Boycott Israel sign.
(photo credit: REUTERS)
‘It is helpful to think of normalization as a ‘colonization of the mind,’ whereby the oppressed subject comes to believe that the oppressor’s reality is the only ‘normal’ reality that must be subscribed to, and that the oppression is a fact of life that must be coped with.” This was written in an article from October 2011 entitled; “Israel’s Exceptionalism: Normalizing the Abnormal,” on the Palestinian Campaign for the Academic and Cultural Boycott of Israel (PACBI) website.
There was a time before the Madrid-Oslo peace process when it was illegal for Israelis to speak with Palestinians.
Today it is considered immoral for Palestinians to speak with Israelis. The international Boycott, Divestment and Sanctions (BDS) campaign was begun by Palestinian civil society on July 9, 2005.
Increasingly the realities of the BDS campaign are being ground into the daily life of Jewish students on campuses some 8,000 miles away in California, the priorities of Christian denominations such as the Methodists and the Protestants, the goals of the Jewish Agency; “Campuses are flooded with Boycott, Divestment and Sanctions,” Sharansky’ JPost and pundits like Bradley Burston; “BDS must spell out what it wants from Israel,” Haaretz and Michael Schaeffer Omer-Man; “BDS is not a Zionist movement.” +972.

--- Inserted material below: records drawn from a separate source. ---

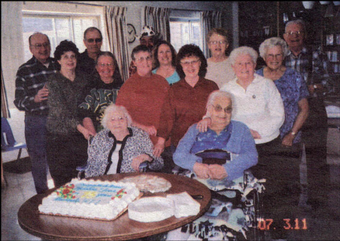 Several members of WFLA Lodge 408, City Point, met at the Neillsville Health and Rehab Center in Neillsville on March 10th to commemorate the 75 year members, Ana Adamac (left), 93 years old, and her sister, Christine Venzke, age 95, who are residents of the Center, and are 75-year members of the Lodge 408. Presenting their 75-year membership pins were their children, Marion Genteman and David Venzke. Others that were present were David’s wife Wanda, and Marion’s husband, Edward Genteman, Andy and Helen Dasko, Frank and Jane Sojka, Doreen Mazdzreiz and Darlene Barek, Angela Garbisch and Amber Pischer as a guest. Cake and ice cream were served while the members visited. (Contributed photo)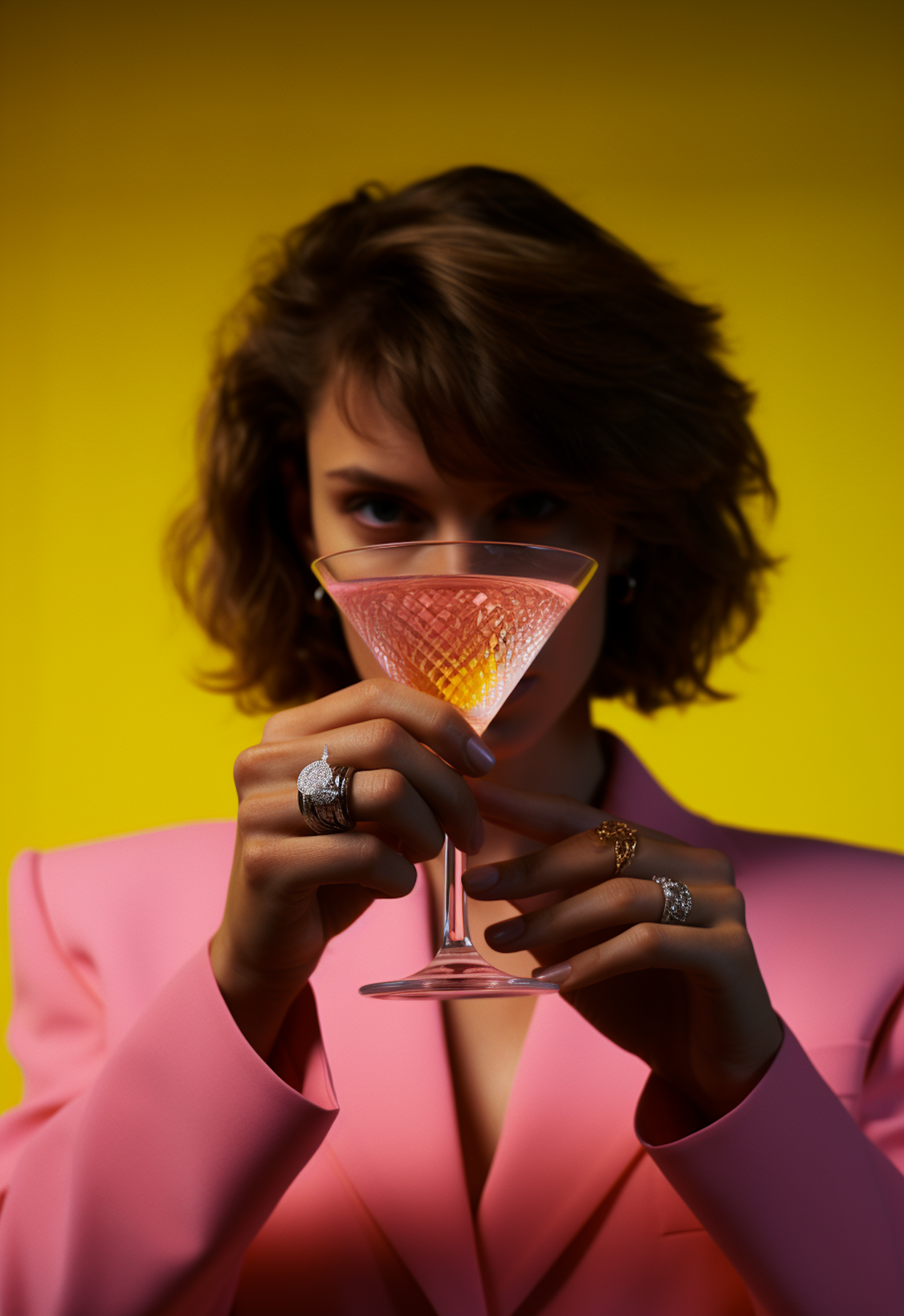 Woman in pink blazer holding a pink cocktail against a vibrant yellow background, showcasing elegant rings and a stylish look.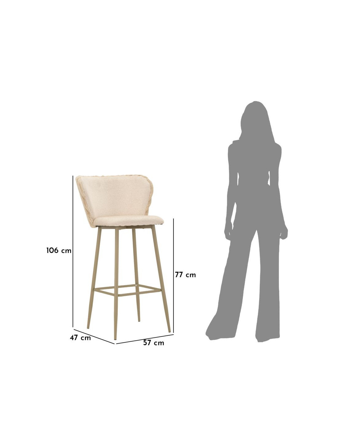 SGABELLO BAR ALASKA -B- CREMA SET 2 PZ CM 55X58X106 (ALTEZZA SEDUTA CM 77)

I began to focus on “the situation” some 20 years ago with the death of Yitzhak Rabin on November 4, 1995. I sat in my friend Abraham’s living room with some other friends from synagogue and mouthed prayers for peace. By March 2000 I had studied the conflict enough to bring Israeli consul-general Dan Ashbel and PLO deputy chief representative Khalil Foutah to our Little Shul By the River for a panel discussion on the status of the peace process as part of “An Educational Forum For Peace & Understanding.”
A year later I made my first trip to Israel/Palestine as part of the MidEast Citizen Diplomacy Delegation led by Leah Green. We traveled to Jerusalem where we met a young Israeli MK named Yuval Steinitz. Then we went on to Bethlehem, to Hebron and north to the Galilee and the Arrabe village, where we sat in the home of Hassan Asleh, who had lost his 17-year-old son Asel (a Seeds of Peace alum) on October 2, 2000, at the beginning of the second intifada. Hassan told us the story of his son’s murder during a demonstration in the village and then added this postscript: “I feel angry. But there is no choice. Peace must be here.

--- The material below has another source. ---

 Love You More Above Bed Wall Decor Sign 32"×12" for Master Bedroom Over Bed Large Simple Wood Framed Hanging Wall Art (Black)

We must give our best time and best money and best children maybe, to reach this. I feel Asel and his friends are not the last victims here. We will try to stop the problems here in Israel. We need help from the outside. Don’t be sorry, just do something!” Most of what I have tried to do involves writing and speaking to bring information on the conflict and its solution to a larger audience. In 2008 I put together the Delaware Valley Interfaith Delegation to Israel/Palestine involving Muslim, Christian and Jewish clergy and lay leaders in a journey led once again by my friend Leah Green, who is director of the Compassionate Listening Project. We sat with peacemakers, politicians, religious and community leaders and victims on both sides who struggled in the aftermath of losing family to this seemingly endless war of attrition.

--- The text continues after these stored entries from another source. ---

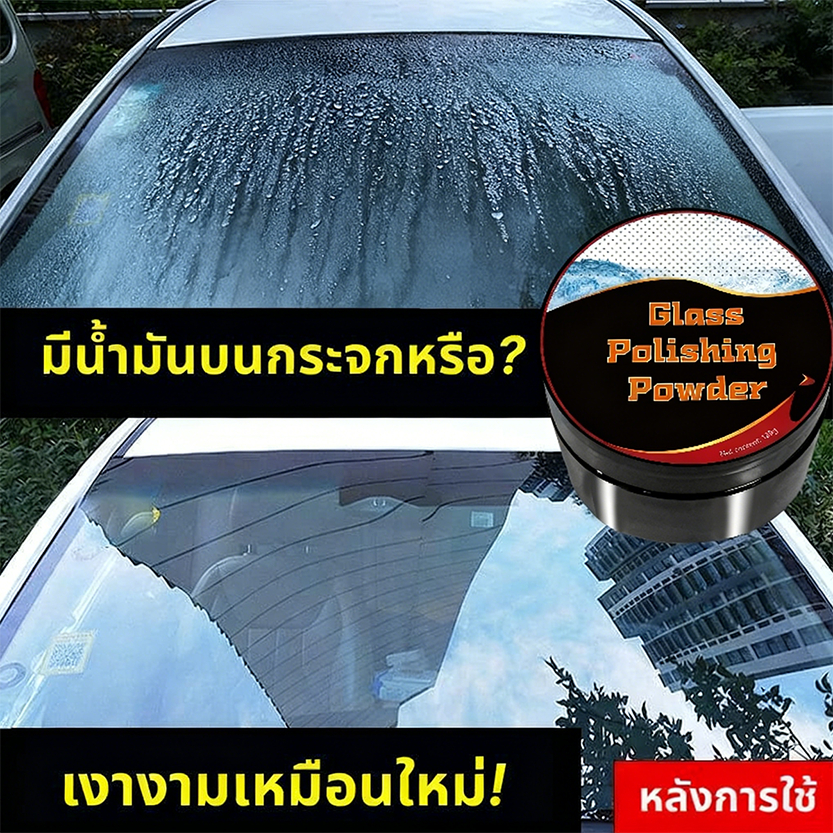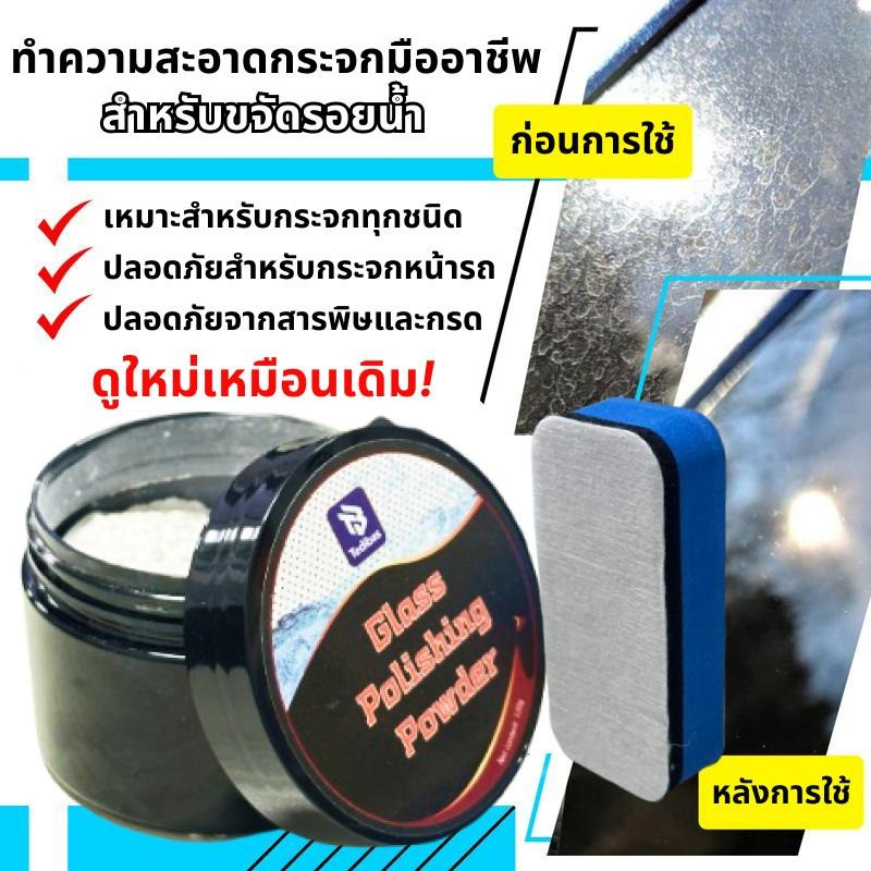 เช็ดกระจก ผงขัดกระจกรถยนต์ เกรดพรีเมี่ยม น้ำยาล้างกระจกหน้ารถ ขจัดคราบน้ำ ฟองน้ำฟรี ผงขัดกระจกรถยนต์ น้ํายา ขัดไฟ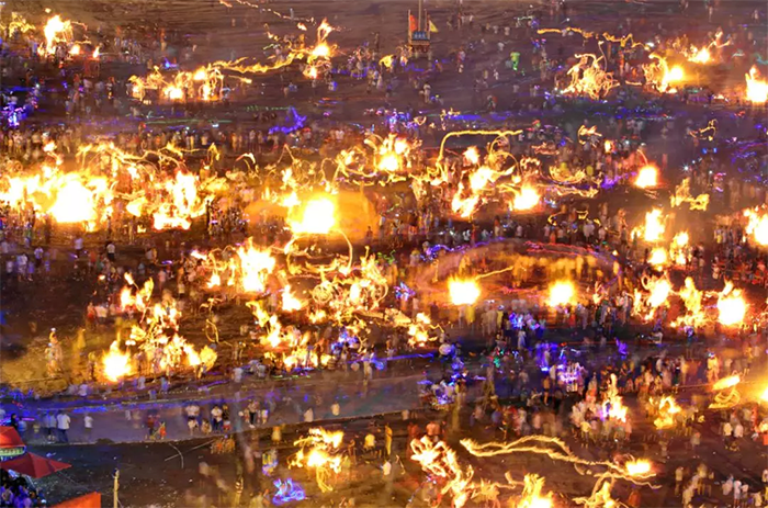 火把节虽然是官方举办、企业运作、群众参与,但因为民族节日放假时间通常和工作时间冲突,很多外出务工的人员根本没有机会赶回家。另外,随着旅游业的发展,为了满足游客的需要,火把节从最初的乡间田野转移到凉山州府西昌市,从最初单纯的民间习俗演变成了今天的盛大节日,火把节的主题被各种博览会、投资洽谈会、选美大赛取代,渐渐流于世俗化、商业化。而在真正的彝族聚居区会提前举办火把节,这样就可以避开演出高峰,把时间、人员和表演机会让给西昌市火把节。因交通和城市基础设施的压力,西昌市国际火把节当天,大多彝族民族主体都在山上的家里。本该成为火把节活动的主体反而成为自己民族节日的看客和“他者”,众多外来的异域民族者却成了节日的主要参与者。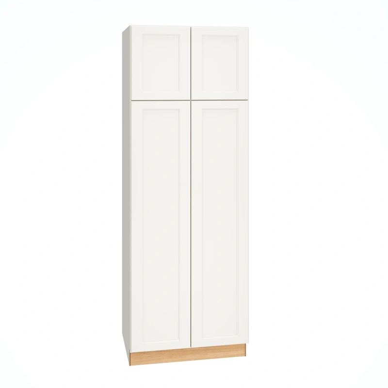 Diamond Express White Pantry Cabinet The Diamond Express Macaulay Pantry Cabinet offers exceptional quality with its fully assembled plywood construction and a sleek recessed panel square door style. Perfect for kitchens, bathrooms, or any storage needs, t

We sat down one evening in the Old City with Sheikh Buchari and his friend Eliyahu McLean, who I had met many times and who is a founder of the Jerusalem Peacemakers and of the annual Jerusalem Hug just held for the 9th time on May 28, 2015. This year the Jerusalem Hug event was interrupted by some young anti-normalization thugs who attacked the peacemakers and managed to bloody a Jerusalem Post editor.
It is all about a question that goes beyond making peace to the issue of resisting an injustice that goes all the way back to 1948 by challenging the definition of the winner of the War of Independence with a more fitting term for the loser; al Nakba; “the Catastrophe.”
Some 700,000 Palestinians were upended from their land, including many that left at the point of a gun and hundreds of Palestinian villages that were replaced by Jewish settlements, parks and land that fell under the control of the Jewish National Fund.
There is a feeling on the part of many Israelis that the second intifada and the aftermath of the 2005 disengagement from Gaza took peace off the table. There is a feeling on the part of many Palestinians that the Oslo process is no longer feasible. That Palestinians living in Palestine in 1948 were forced to leave and must be granted a right of return to realize justice as the solution to this essential Middle Eastern dilemma. Beyond Oslo is an international BDS bandwagon that is remaking the principals in the conflict from David and Goliath into an asymmetrical battle in which Palestinian citizens of the West Bank, east Jerusalem, Gaza and the Palestinian Diaspora are the victims of an increasingly destructive system of military occupation.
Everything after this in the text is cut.